- Born: 13 July 1940 (age 86) Cherniakhiv, Zhytomyr Oblast, Soviet Union
- Education: National University "Lviv Polytechnic"
- Known for: the creation of non-classical theory of errors and the development of non-classical information processing procedures
- Awards: awarded by the medal "For military prowess"
- Scientific career
- Fields: mathematics, mathematical processing of astronomical, space and large amounts of statistical information
- Workplaces: Head of Mathematical Modelling Department, Faculty of Cybernetics, IUEH

= Joseph Dzhun =

Ukrainian astronomer (born 1940)

Joseph Dzhun Volodymyrovych is a Ukrainian scientist, astronomer, and academician who was born in Cherniakhiv, Zhytomyr, Ukraine. He graduated from Lviv Polytechnical Institute.

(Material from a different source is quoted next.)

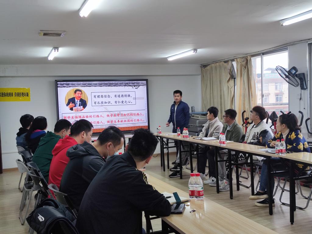 3月30日下午,体育与健康学院教工党支部于彰善楼3楼会议室“以德立身、以德立学、以德施教、以德育德”师德师风主题党员活动日,教工党支部涂海宁主持本次党日活动。
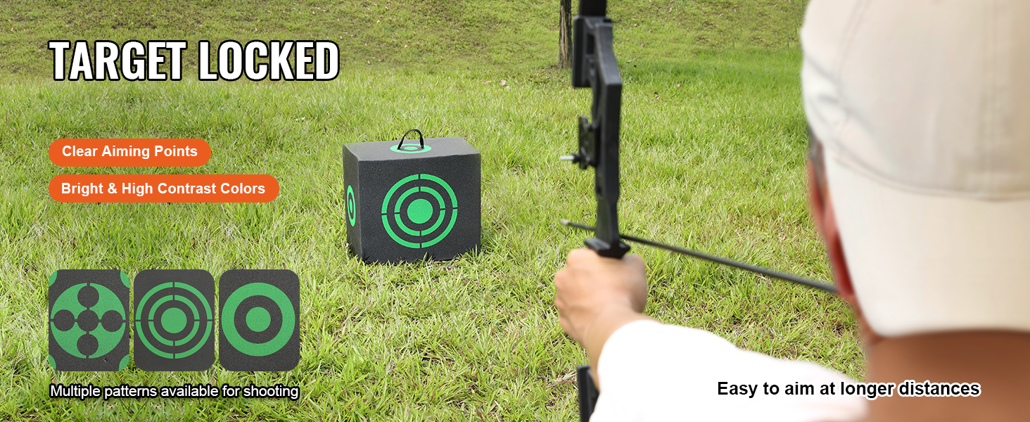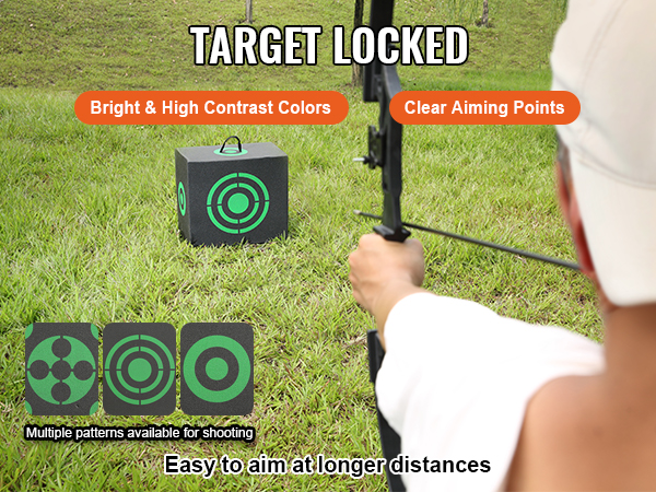- All-Side Shooting: With superior visibility and clear aiming points, this arrow target enables precise aiming at extended distances. Its bright, high-contrast colors enhance target acquisition, while multiple customizable patterns accommodate diverse shooting preferences.

He is a scientist-astronomer, mathematician, representative of an academician E.P. Fedorov's scientific school, doctor of physical and mathematical sciences, professor of the mathematical modelling department of the cybernetics faculty of International University of Economics and Humanities (IUEH), full member of the International Pedagogical Academy (Moscow, 1999), and European Safety Association (2002).

== Scientific work ==
Dzhun specialises in mathematical astronomy, space, and statistical information processing of high volumes, especially in connection with Hempel's Paradox. Dzhun's scientific works are devoted to the development of astrometry. He the Cambridge professor H. Jeffreys' conclusions about the nonclassical form of the errors distribution law for the sample of the volume of more than 500 observations, which confirmed Jeffreys' conception about the correspondence of the VII type Pearson's distribution real errors.

Dzhun performed large scale research on the histograms of the errors of astronomic, gravimetrical, geophysical and economic data in total volume more than 170,000 observations, using the most high-quality series, including the F.V. Bessel historical series.

The basic ideas and approaches are stated in Dzhun's doctoral thesis "Mathematical Processing of Astronomic and Space Information in case of the Non-Gauss Observation Errors," presented in 1992. His scientific works are devoted mainly to different aspects of the nonclassical theory of errors development, studying of its axiomatic foundations and creation of the adapted procedures at mathematical modelling and data analysis. He developed the analytical theory of the weight functions and the method of the mathematical models diagnostics on its base.

Dzhun is the first to theorize that the relative random vibrations of the major index series in global economy submitted to the VII type Pearson's distribution.

He created the theory of informative methods of evaluation of astronomical observations accuracy in case of the non-Gauss errors distribution.

Dzhun proposed to substitute the fundamental principle of the Gauss maximal weight by the Fisher principle of a maximum of information with the purpose of evolution and generalization of the procedures of the least-squares classic method.